Bizim Turizmci Engin Zaman,  Türkiye’nin 1 Numaralı gündemi olan  “Organik hoşaf” konusundan engin deneyimini ortaya koydu. 
Bu görüşü finale kalır mı bilmem?
Ama bildiğim gerçek anlamda hem doğal hem de organik bir formülün ta kendisidir görüşü.
Şöyle diyor Engin Zaman:
“Gece gece canım bir erik hoşafı çekti deme gitsin. 
Ben direkt  erik ağacına hücum. Üstüne bir bardak su içerim ve içeride de hoşaf olur.”
Müthiş.
Dalından koparıp hiçbir kimyasal işlemden geçirmeden direk ağzına atıyor eriği.
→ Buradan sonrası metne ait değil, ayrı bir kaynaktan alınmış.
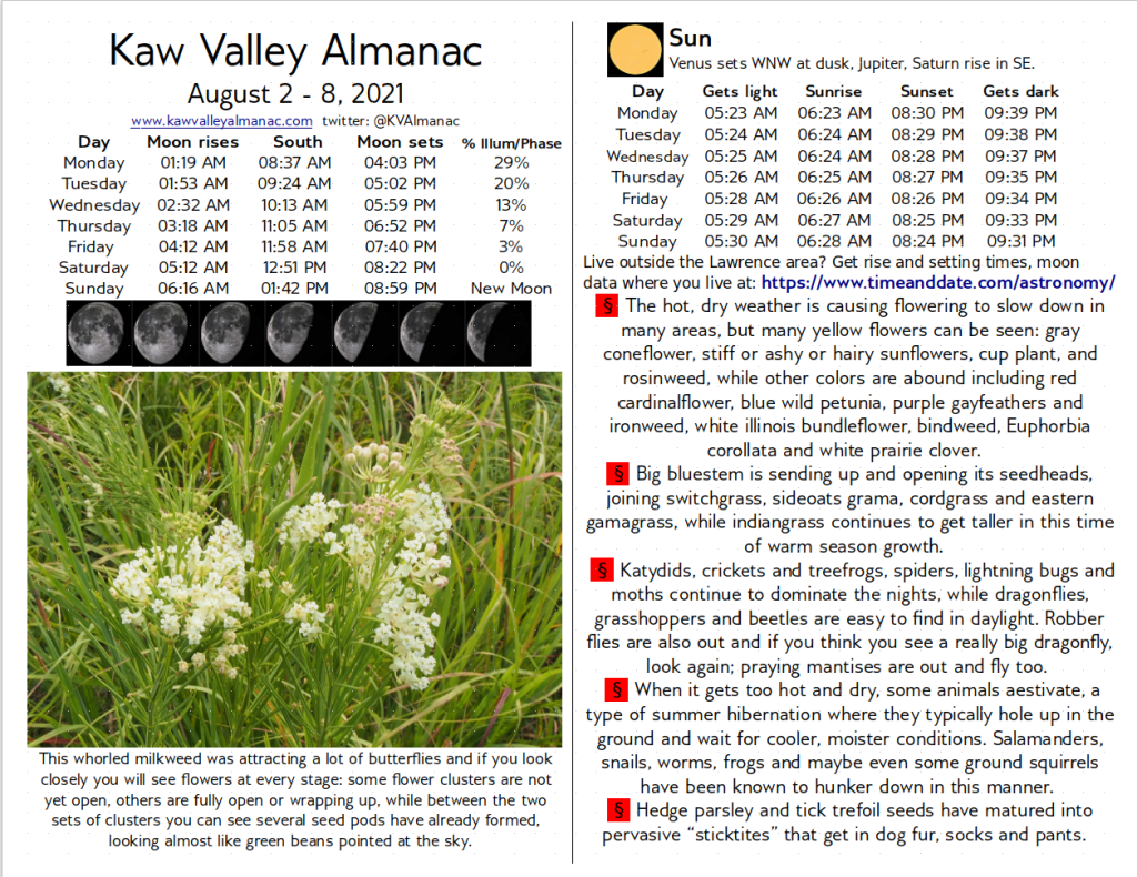 August 30 – September 5, 2021 Kaw Valley Almanac

Ağızda parçalanıp öğütülen erik mideye gittikten sonra, üzerine bir bardak su ilave ediliyor.
Ardından doğal beklemeye geçiyor sistem.
Mide, erik parçaları ve suyu bir güzel halledip karıştırıp doğal yöntemlerle organik hoşafı üretiyor.
Afiyet olsun.
Ha yarışma mı?
Yaşamı aykırılıklarla dolu Engin Zaman’ın adını duydukları anda bu  formül için başvurusunu bile kabul etmezler/edemezler!
Ama yiğidi öldürelim ve hakkını verelim ki;  gerçek hoşaf tarifi böyle olur !
**
Ereğli merkezdeki bir özel hastanede yatanlar  yangın nedeniyle başka hastanelere sevk edildiler.
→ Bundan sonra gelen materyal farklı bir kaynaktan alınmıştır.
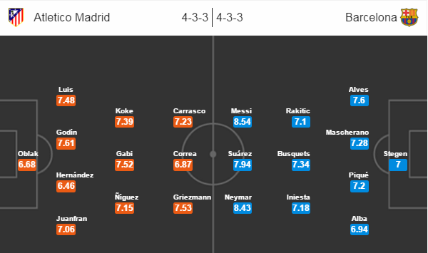 Barcelona poslední dobou nezvykle často inkasuje, když Katalánci udrželi čisté konto pouze ve 3 z 11 posledních zápasů. Oproti tomu Atlético je doma velice produktivní a neskórovalo zde za celou sezonu ve všech soutěžích dohromady pouze ve třech zápasech. Navíc svěřenci Diega Simeoneho vstřelili v posledních 4 domácích utkáních 11 gólů, ovšem jejich vzájemná bilance s Barcelonou není vůbec dobrá.
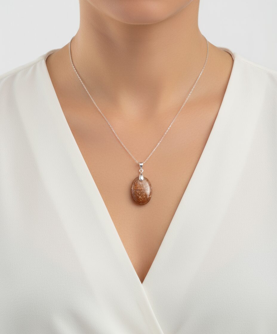 Dieser Sonnenstein Anhänger ist mehr als Schmuck – er ist ein Geschenk voller Symbolik. Der Sonnenstein steht für Licht, Wärme und Lebenskraft und wird traditionell als Glücksstein verschenkt.

Ortalık ana baba günü gibi oldu.
Ambulanslar peşpeşe sirenleri çalarak hastaların sevklerini yaparken, hastanenin boşaltılması anında bir çok hasta yangın merdivenlerinden indirildi.
Burası çok önemli.
Ülkemizde görüntüde var olan yangın merdivenlerinin bu hastanede çalıştığı görüldü.
Bu iyi bir olay.
Demek ki çalışan yangın merdivenleri de varmış.
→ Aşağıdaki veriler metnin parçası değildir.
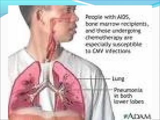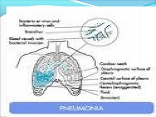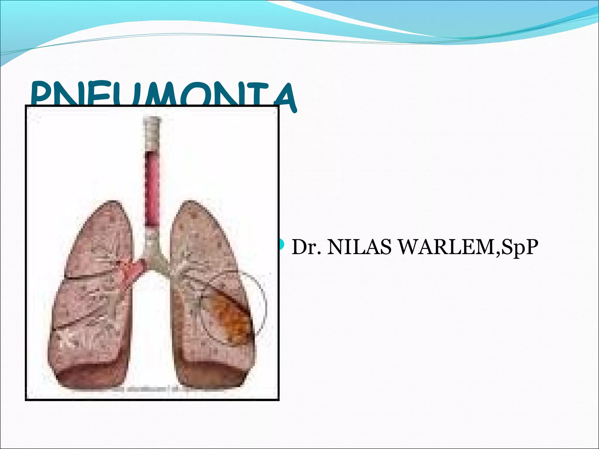 Pneumonia adalah infeksi paru yang disebabkan oleh berbagai mikroorganisme seperti bakteri, virus, jamur, dan protozoa. Gejala klinis umumnya meliputi demam, batuk, dan nyeri dada. Diagnosis didasarkan pada pemeriksaan fisik, hasil rontgen dada, dan riwayat pasien. Pneumonia dapat dibedakan menjadi komunitas dan nosokomial berdasarkan lokasi perolehan infeksinya.

Peki yangın nereden ve nasıl çıkmış?
Öğrendiğimize göre floresan lambanın balansından (trafo) meydana gelmiş.
Koskoca hastaneyi bir floresan lambanın balansı tahliye ettirdi.
Ne ilginç !
**
İstanbul'da geçen cuma gününden bu yana etkisini artıran aşırı sıcak ve nemli havanın, rekor seviyelere ulaşarak hissedilen sıcaklığın 43 dereceye kadar çıkması beklenirken, sabah saatlerinden itibaren etkili olan parçalı bulutlu ve yer yer rüzgarlı hava, günler sonra nefes alma imkanı buldurdu.
Hava nasıl serinledi?
Sebep Karadeniz!
Karadeniz üzerinden gelen alçak bulutları İstanbul’u serinletivermiş.
Oh !
Karadeniz iyi ki var.
Karadeniz’de orman var.
Yeşil var.
Doğa var.
Durum böyle olunca, rüzgarı bile yetti İstanbul’a.
Ne kadar yeşil o kadar oksijen.
Ne kadar yeşil o kadar hayat var çünkü.
İstanbullular, yeşilin ne kadar değerli olduğunu bu nemli havalarda bir kez daha anlamışlardır umarım.
Ağaçların kesilmesi için emir verenlere kapak olsun şu İstanbul günleri.